# I accidentally stepped on our puppy's foot and he SCREAMED. Is it broken?



## Sternchen

Hi everyone,

I was taking care of my mom's puppy today and we went for a short walk. The puppy is always underfoot and I accidentally stepped on his front paw today. He SCREAMED like crazy. I felt like a horrible person :cry:

I picked him up and carried him back home. The crying stopped shortly after I picked him up.

He is now limping a bit and I feel like the most horrible person in the world.

I checked his paw and he didn't yelp or pull it away. I also tried to bend it and he didn't do anything either.

He just limps a bit.

I feel horrible about it and will tell my mom when she comes back from the hair dressers.

Is this something to go to the vet about?

He started playing with his bone and squeeky cat when we got back, so I guess he's still playful?

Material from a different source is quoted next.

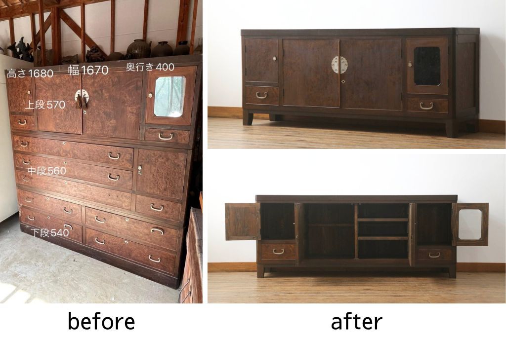 お客様持ち込みの三段重ね桐箪笥の上段をサイドボードにリメイク

I am a horrible person :cry:


----------



## oggers86

I would just keep an eye on it for the next day or so. I once trapped my cats tail in the cat flap and her scream was awful. I was so upset and worried it was broken but it was fine the next day.


----------



## Bling It

Oh, don't feel bad, these things happen. How long has the puppy been limping for? If he's still limping after 12 hours or so, or it seems to be getting worse, or bothering him, then yes, I'd take him to the vet. Puppy's bones are still soft, so they can break easier than a full grown dog. I believe its better to be safe than sorry, its easier to fix a problem (if there is one) now, rather than later when more problems could stem from it. I'm sure he's fine though


----------



## Sternchen

Thank you all. I still feel.absolutely horrible. My mom picked up the dog and I told her what happened.

He slept for a while and seemed fine afterwards. A very slight limp but he is still playing and hopping around in the snow.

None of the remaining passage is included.